**Input data**
+---+

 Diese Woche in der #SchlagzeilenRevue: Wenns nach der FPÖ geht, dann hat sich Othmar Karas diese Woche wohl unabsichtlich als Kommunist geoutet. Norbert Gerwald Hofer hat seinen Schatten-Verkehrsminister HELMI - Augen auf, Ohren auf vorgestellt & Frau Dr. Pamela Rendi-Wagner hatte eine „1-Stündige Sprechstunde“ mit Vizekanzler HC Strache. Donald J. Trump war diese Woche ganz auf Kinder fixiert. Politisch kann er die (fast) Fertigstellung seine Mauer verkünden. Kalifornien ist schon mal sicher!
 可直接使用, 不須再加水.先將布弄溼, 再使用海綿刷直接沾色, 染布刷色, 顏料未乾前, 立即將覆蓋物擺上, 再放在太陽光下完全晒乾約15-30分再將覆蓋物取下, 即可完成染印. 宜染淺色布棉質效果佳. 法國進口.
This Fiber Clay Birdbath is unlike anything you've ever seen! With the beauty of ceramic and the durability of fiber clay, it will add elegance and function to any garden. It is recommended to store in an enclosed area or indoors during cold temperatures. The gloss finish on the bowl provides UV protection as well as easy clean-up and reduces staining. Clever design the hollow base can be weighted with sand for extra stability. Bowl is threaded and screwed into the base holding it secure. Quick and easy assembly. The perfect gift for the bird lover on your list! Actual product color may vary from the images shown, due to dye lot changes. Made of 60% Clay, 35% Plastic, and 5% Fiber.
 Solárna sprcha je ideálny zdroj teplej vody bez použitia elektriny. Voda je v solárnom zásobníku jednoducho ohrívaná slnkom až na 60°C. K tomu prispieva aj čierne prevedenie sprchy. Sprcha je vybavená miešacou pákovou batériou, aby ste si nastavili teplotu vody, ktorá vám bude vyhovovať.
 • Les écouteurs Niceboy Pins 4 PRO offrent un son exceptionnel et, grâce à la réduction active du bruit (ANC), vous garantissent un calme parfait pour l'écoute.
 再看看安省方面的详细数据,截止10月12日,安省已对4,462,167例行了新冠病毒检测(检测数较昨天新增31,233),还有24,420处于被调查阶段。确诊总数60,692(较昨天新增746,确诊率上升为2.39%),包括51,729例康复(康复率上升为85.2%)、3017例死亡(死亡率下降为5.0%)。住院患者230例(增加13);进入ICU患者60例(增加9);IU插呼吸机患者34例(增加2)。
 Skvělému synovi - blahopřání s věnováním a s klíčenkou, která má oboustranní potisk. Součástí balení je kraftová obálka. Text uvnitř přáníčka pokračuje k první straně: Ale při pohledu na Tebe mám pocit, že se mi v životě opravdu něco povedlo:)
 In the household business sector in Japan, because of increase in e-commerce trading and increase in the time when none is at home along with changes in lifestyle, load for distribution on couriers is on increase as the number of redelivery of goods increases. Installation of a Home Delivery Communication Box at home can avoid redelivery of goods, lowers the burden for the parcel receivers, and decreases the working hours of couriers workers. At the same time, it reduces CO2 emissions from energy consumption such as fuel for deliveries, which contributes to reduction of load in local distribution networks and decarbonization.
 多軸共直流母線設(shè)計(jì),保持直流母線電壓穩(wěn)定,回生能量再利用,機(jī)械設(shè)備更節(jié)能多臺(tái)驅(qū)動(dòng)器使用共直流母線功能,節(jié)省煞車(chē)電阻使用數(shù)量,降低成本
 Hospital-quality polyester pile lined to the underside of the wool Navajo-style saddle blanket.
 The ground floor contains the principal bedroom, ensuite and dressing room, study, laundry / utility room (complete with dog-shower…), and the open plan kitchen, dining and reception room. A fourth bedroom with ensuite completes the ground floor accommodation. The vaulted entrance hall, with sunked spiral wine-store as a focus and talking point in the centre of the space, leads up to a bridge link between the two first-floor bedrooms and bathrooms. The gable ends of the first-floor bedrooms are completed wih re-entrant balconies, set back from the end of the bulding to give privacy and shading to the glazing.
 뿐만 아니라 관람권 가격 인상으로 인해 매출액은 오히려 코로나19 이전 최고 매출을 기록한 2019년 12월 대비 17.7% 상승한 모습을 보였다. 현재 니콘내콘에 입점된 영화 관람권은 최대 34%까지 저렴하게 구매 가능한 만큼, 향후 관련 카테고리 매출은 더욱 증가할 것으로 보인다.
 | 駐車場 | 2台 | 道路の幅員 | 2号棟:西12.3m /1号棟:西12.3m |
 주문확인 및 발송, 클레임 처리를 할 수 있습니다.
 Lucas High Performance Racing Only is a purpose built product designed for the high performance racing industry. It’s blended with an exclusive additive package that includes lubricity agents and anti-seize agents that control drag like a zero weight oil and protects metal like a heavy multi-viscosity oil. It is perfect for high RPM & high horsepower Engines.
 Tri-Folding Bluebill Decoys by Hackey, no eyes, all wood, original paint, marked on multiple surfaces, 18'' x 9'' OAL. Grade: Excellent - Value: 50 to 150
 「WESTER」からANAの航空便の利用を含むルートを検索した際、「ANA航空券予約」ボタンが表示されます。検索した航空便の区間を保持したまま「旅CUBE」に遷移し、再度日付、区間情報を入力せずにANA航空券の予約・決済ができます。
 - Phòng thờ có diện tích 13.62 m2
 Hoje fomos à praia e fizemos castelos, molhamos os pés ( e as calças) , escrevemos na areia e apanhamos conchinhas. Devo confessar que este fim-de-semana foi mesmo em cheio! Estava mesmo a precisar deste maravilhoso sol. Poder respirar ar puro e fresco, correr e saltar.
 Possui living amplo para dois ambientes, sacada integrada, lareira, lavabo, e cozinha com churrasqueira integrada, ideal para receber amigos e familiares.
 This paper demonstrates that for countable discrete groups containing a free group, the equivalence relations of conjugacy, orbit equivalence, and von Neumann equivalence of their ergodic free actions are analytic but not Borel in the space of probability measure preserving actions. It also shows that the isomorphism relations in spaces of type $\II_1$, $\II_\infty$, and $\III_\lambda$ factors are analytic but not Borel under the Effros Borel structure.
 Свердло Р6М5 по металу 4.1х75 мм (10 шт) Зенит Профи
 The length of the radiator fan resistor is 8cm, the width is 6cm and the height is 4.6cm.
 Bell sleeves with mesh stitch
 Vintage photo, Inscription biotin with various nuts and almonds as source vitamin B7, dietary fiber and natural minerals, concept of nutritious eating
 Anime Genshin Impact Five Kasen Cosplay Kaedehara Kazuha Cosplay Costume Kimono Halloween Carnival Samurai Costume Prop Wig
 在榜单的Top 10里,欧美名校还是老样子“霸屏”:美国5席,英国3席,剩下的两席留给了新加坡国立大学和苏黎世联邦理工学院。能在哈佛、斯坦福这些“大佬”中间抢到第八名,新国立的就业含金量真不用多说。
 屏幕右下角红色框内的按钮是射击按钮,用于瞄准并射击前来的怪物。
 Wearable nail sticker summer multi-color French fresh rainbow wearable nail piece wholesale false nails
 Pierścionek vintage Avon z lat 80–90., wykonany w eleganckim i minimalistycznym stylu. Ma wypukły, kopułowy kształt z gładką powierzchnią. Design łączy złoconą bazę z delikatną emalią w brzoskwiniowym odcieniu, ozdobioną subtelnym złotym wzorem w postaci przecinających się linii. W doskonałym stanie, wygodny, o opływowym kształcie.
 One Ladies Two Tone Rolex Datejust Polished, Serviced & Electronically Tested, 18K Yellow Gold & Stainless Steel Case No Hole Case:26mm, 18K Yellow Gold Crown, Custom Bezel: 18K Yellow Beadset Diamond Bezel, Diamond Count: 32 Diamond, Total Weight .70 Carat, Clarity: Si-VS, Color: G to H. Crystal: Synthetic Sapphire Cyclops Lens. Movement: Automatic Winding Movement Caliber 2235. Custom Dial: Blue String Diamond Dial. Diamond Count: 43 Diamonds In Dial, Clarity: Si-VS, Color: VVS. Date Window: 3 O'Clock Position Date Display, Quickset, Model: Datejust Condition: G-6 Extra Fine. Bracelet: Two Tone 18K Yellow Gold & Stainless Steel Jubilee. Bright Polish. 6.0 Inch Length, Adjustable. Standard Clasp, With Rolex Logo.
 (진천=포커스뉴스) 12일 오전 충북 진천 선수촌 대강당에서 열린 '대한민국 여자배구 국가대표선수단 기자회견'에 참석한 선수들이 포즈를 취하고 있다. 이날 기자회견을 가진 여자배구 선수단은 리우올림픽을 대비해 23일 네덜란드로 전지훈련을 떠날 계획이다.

+---+

**Your goal**
Copy exactly the stretch of data above from the line with "屏幕右下角红色框内的按钮是射击按钮,用于瞄准并射击前来的怪物。" through the line with "Pierścionek vintage Avon", and omit all other lines.

**Answer to this exercise**
 屏幕右下角红色框内的按钮是射击按钮,用于瞄准并射击前来的怪物。
 Wearable nail sticker summer multi-color French fresh rainbow wearable nail piece wholesale false nails
 Pierścionek vintage Avon z lat 80–90., wykonany w eleganckim i minimalistycznym stylu. Ma wypukły, kopułowy kształt z gładką powierzchnią. Design łączy złoconą bazę z delikatną emalią w brzoskwiniowym odcieniu, ozdobioną subtelnym złotym wzorem w postaci przecinających się linii. W doskonałym stanie, wygodny, o opływowym kształcie.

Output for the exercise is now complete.